◆ **Data for analysis**:
Start of Block
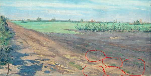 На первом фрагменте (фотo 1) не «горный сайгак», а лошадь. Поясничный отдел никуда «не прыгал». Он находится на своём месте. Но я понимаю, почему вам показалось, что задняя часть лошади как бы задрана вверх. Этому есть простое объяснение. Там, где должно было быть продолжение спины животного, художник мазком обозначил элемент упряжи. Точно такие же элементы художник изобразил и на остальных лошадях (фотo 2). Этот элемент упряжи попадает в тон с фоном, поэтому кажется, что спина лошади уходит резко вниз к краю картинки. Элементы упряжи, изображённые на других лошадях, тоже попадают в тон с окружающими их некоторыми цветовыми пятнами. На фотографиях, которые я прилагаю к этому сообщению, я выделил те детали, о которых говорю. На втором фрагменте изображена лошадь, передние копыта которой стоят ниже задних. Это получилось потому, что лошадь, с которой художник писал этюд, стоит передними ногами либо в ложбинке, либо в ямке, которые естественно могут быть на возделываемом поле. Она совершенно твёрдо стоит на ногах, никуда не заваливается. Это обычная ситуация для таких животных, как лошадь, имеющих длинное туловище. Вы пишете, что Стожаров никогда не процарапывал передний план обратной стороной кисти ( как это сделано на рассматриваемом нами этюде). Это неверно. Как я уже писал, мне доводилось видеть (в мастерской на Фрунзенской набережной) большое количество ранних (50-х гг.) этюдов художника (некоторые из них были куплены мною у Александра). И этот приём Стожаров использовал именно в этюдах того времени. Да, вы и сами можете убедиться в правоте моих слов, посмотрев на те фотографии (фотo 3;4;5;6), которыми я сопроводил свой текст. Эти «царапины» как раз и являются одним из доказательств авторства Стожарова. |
End of Block
Start of Block
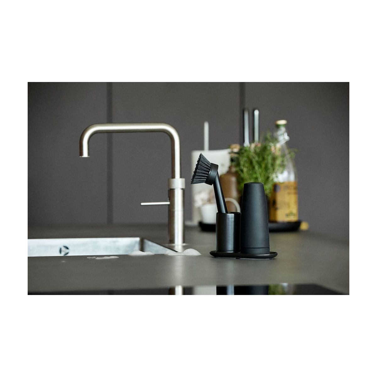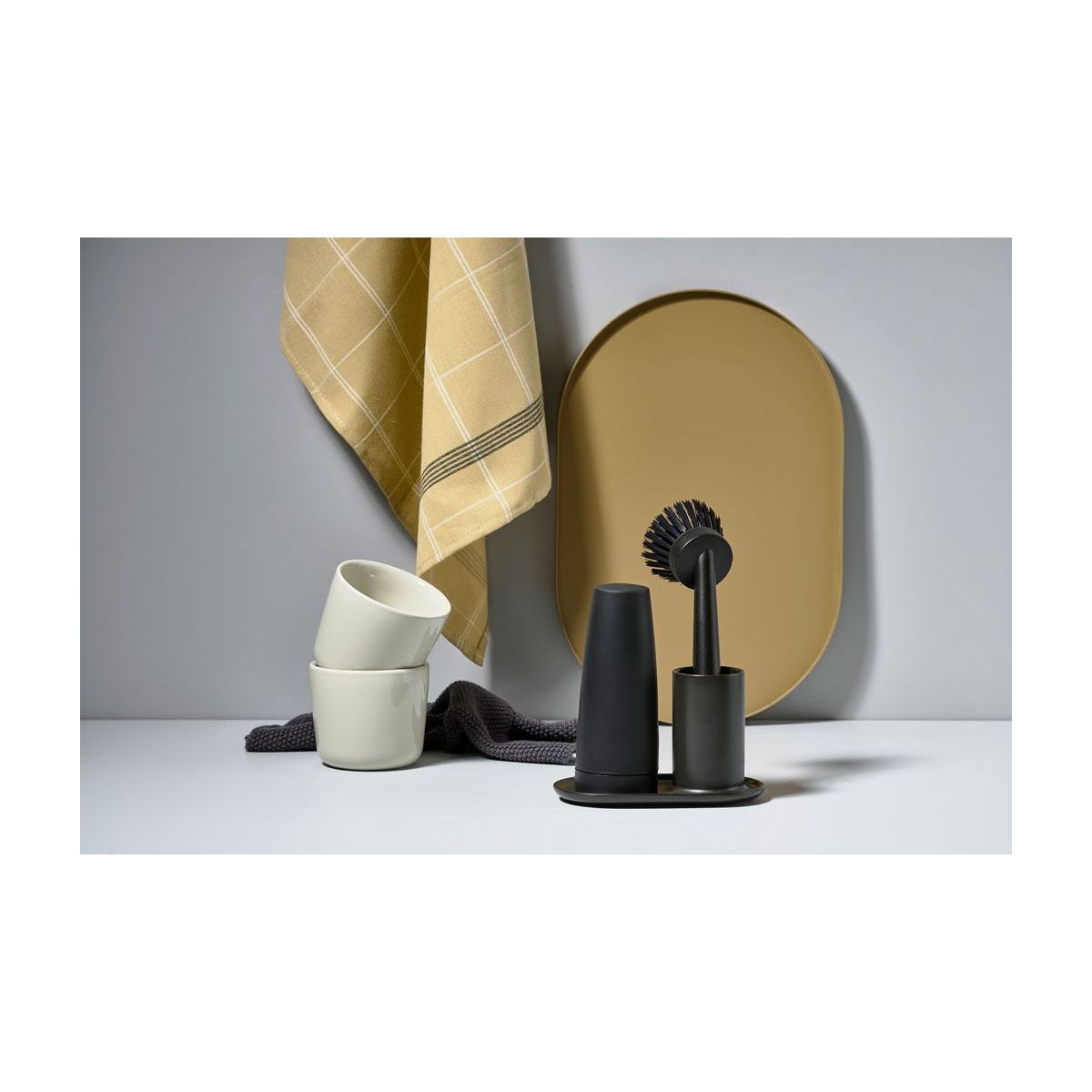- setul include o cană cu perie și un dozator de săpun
End of Block
Start of Block
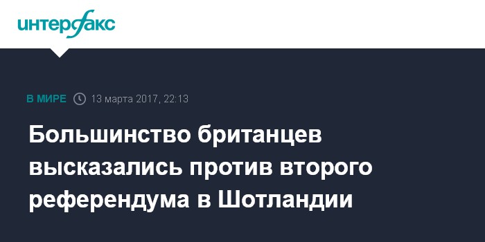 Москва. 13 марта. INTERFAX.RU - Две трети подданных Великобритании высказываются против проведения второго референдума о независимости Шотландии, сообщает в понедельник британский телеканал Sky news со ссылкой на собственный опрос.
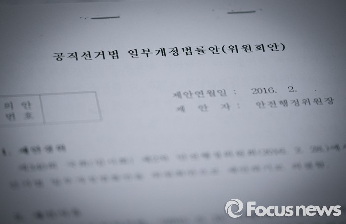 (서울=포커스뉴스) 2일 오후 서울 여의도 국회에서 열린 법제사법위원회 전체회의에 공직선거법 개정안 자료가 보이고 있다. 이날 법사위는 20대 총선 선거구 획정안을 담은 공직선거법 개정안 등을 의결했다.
End of Block
◆ **Exercise details**: Copy word for word the lines of the records above from the one with "Москва. 13 марта." up to and including the one with "(서울=포커스뉴스) 2일 오후". Skip the pictures.

◆ **Task solution**:
 Москва. 13 марта. INTERFAX.RU - Две трети подданных Великобритании высказываются против проведения второго референдума о независимости Шотландии, сообщает в понедельник британский телеканал Sky news со ссылкой на собственный опрос.
 (서울=포커스뉴스) 2일 오후 서울 여의도 국회에서 열린 법제사법위원회 전체회의에 공직선거법 개정안 자료가 보이고 있다. 이날 법사위는 20대 총선 선거구 획정안을 담은 공직선거법 개정안 등을 의결했다.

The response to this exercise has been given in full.